## About this exercise
Only a verbatim restatement of the lines from the one with "Vintage Coca Cola" through the end of the listing below is wanted. Pictures should be left out.

## Source material
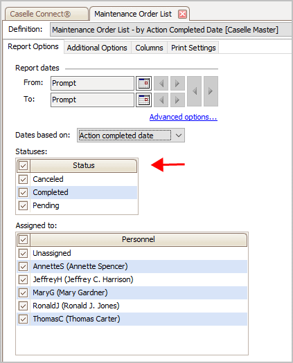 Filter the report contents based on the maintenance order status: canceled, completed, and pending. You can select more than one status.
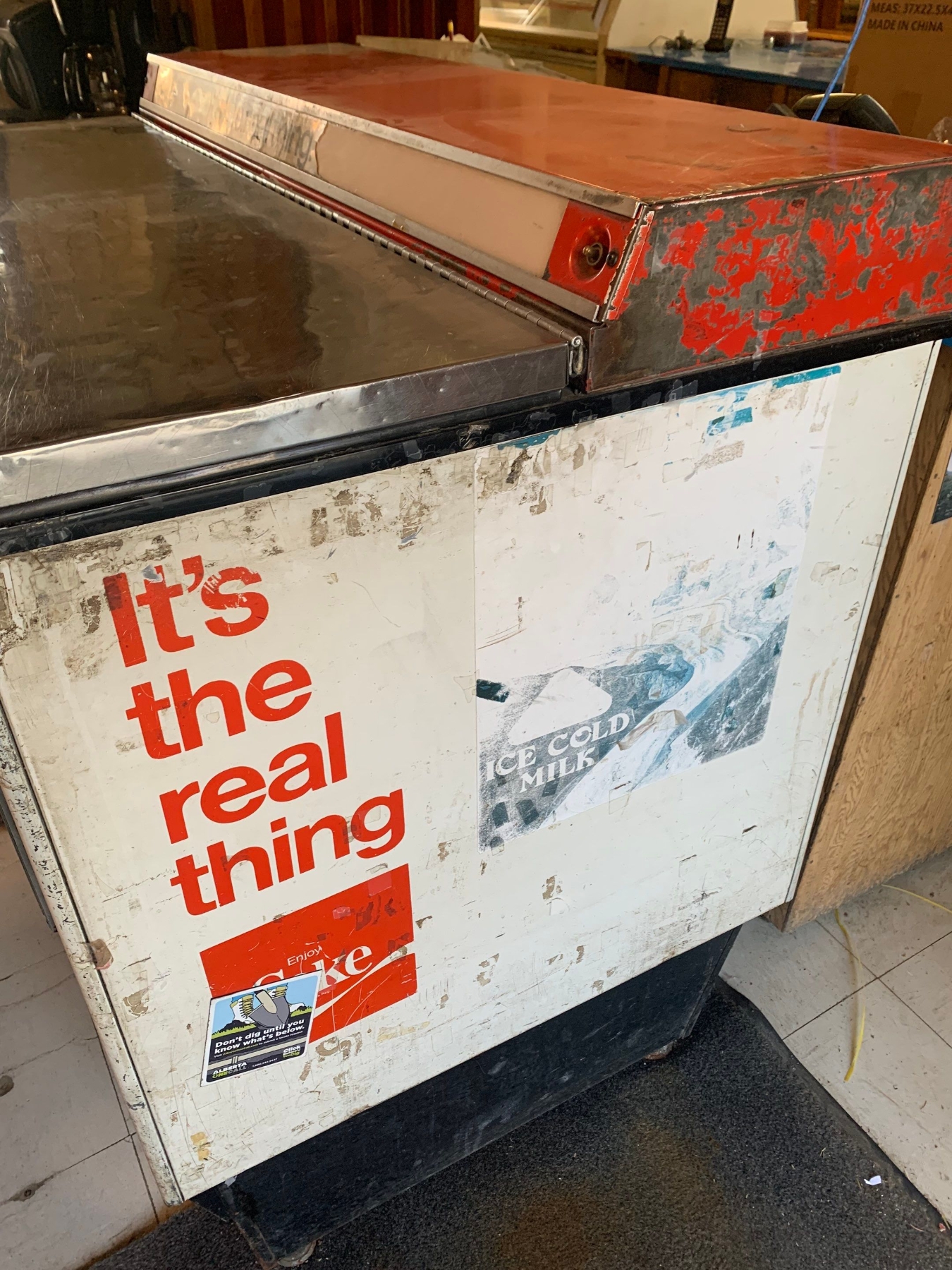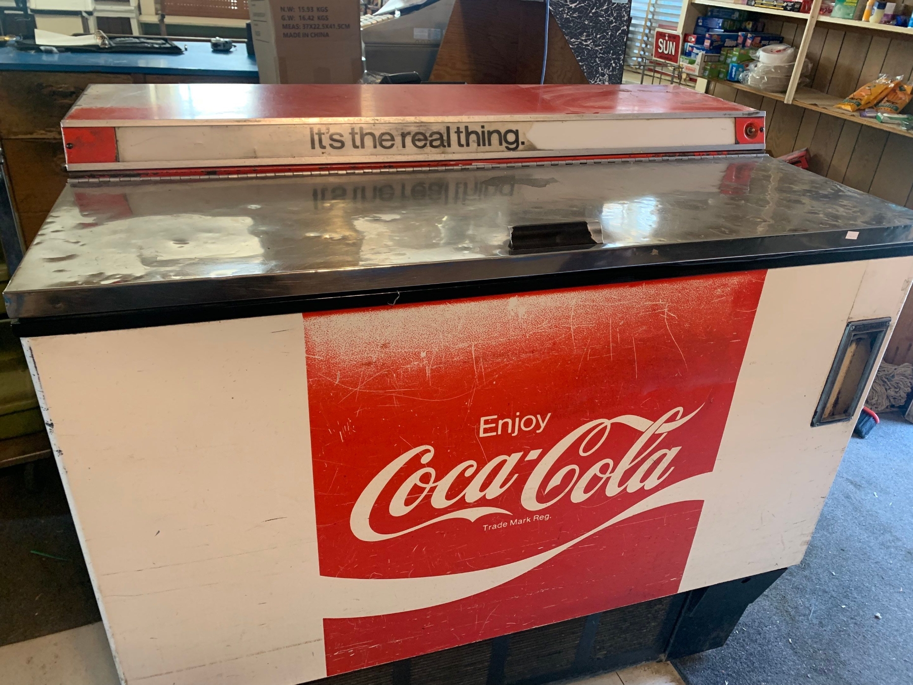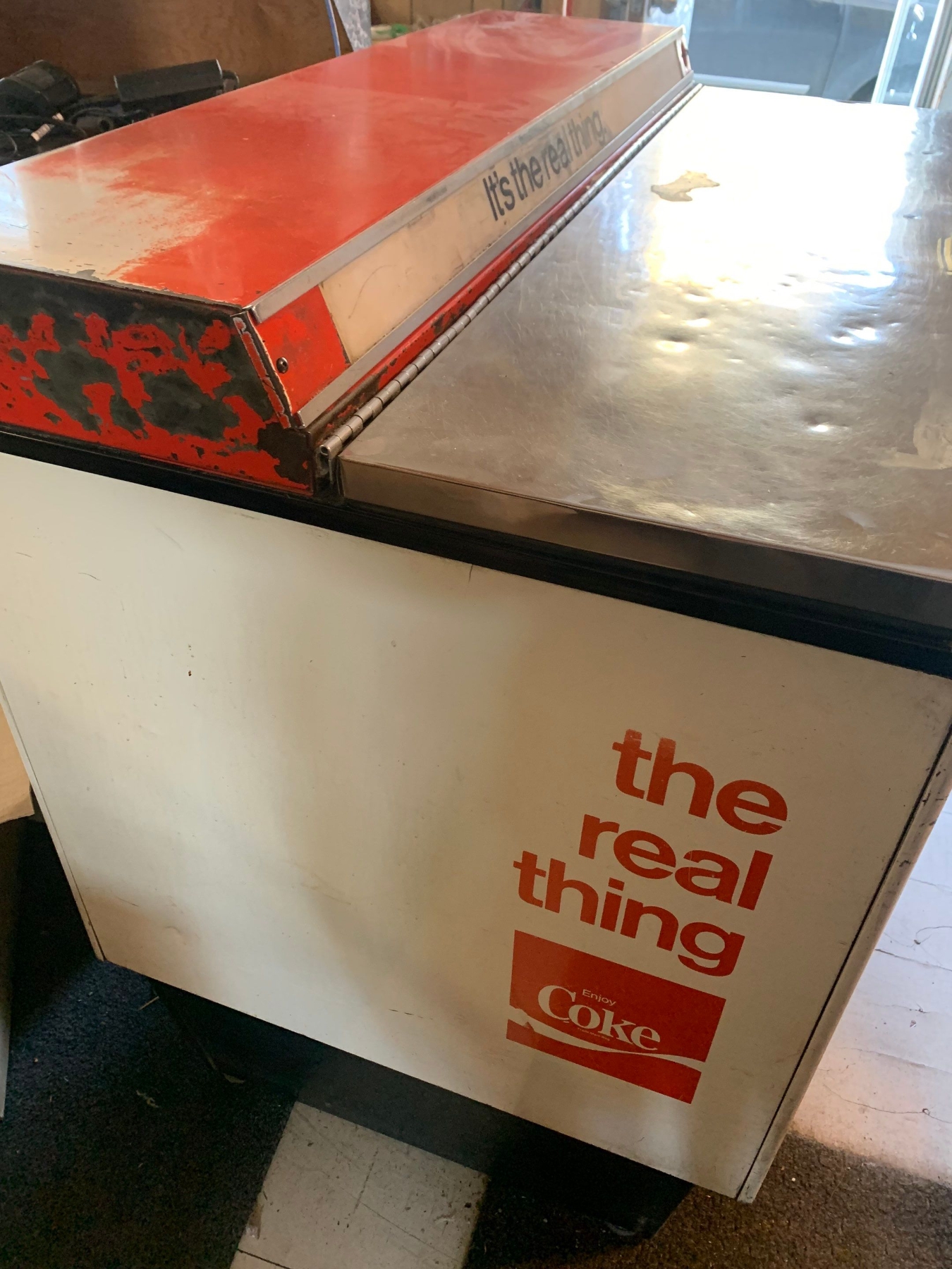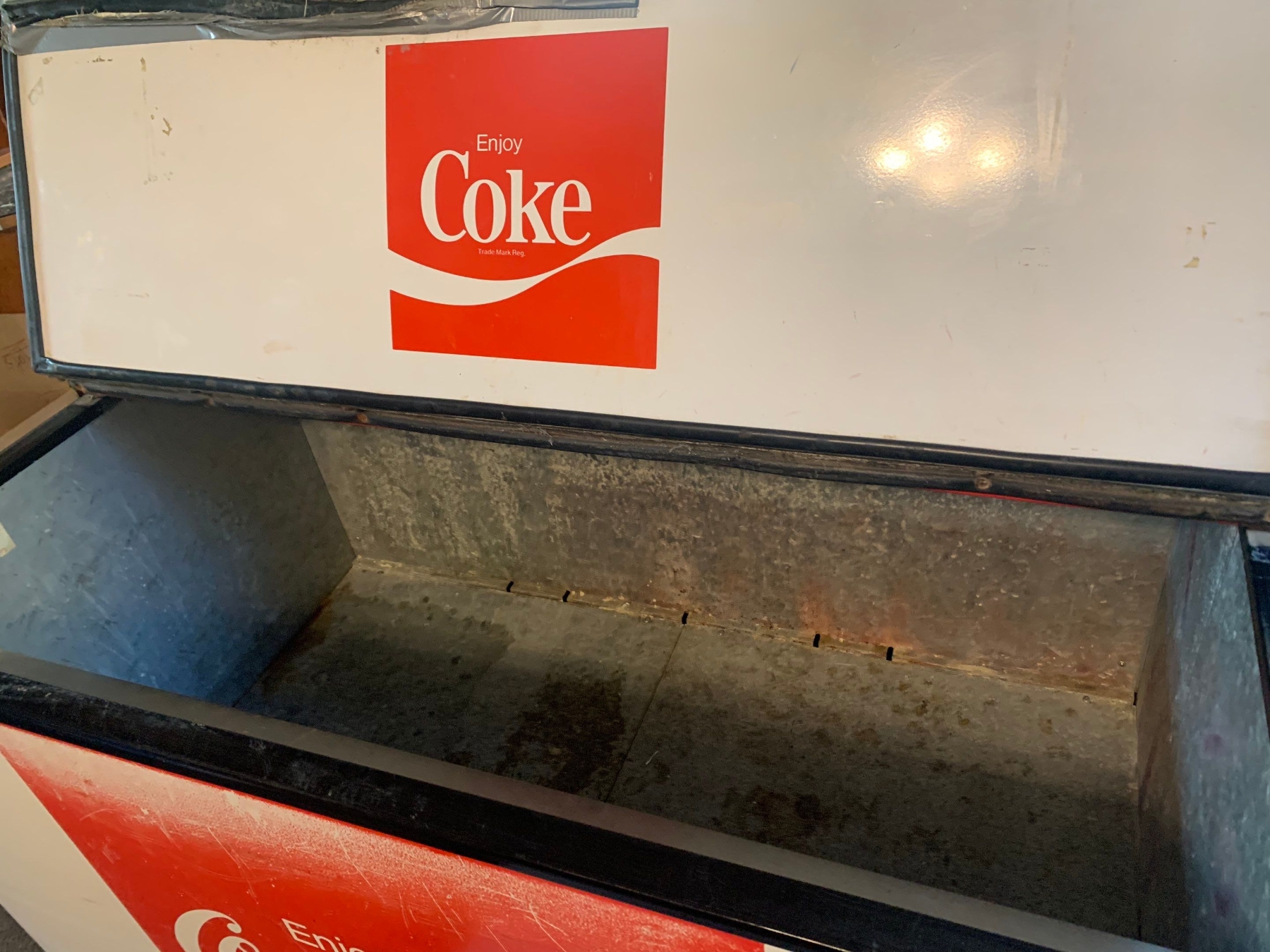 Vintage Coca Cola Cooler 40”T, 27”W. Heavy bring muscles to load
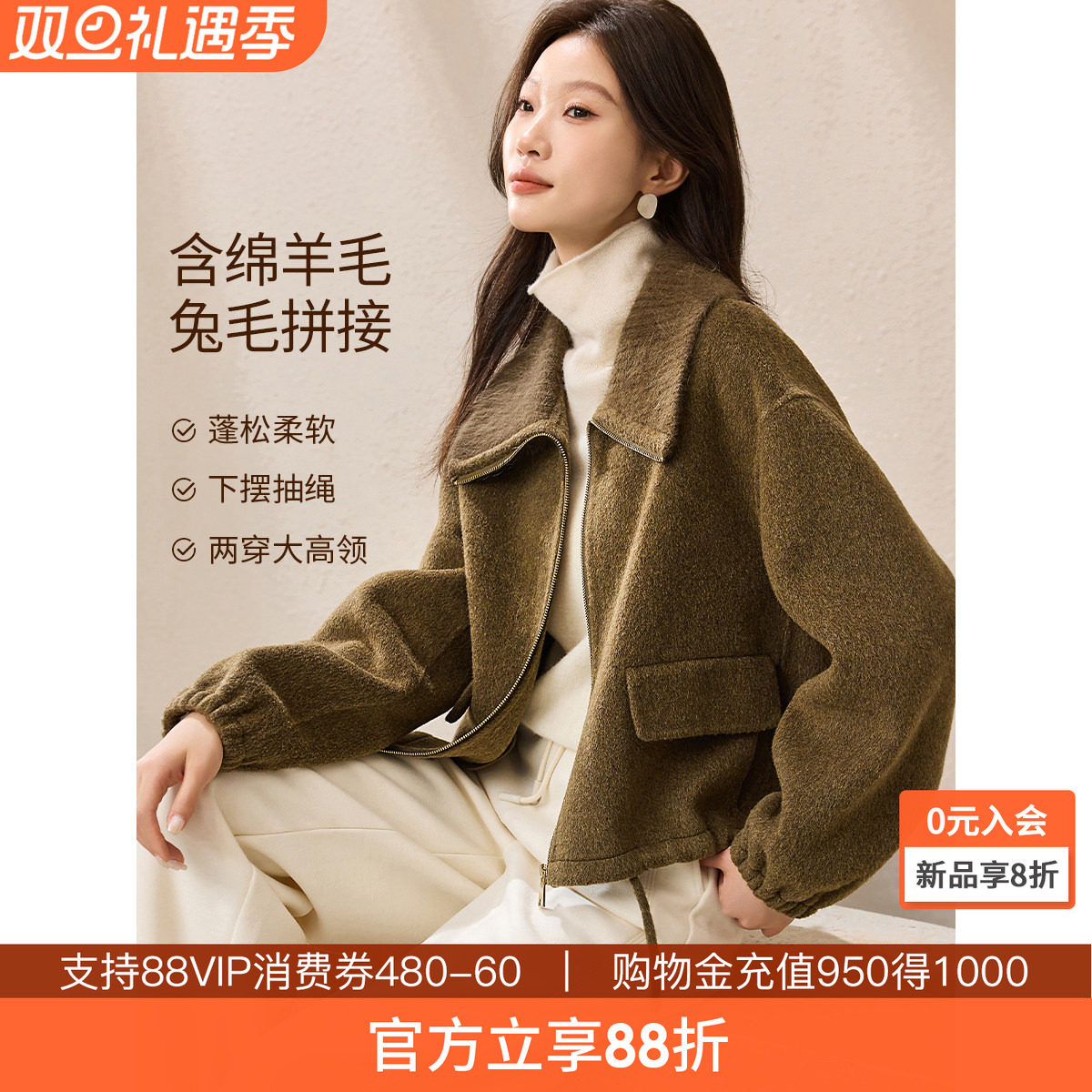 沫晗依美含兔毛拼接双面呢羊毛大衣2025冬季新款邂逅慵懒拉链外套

## Response for this exercise
 Vintage Coca Cola Cooler 40”T, 27”W. Heavy bring muscles to load
 沫晗依美含兔毛拼接双面呢羊毛大衣2025冬季新款邂逅慵懒拉链外套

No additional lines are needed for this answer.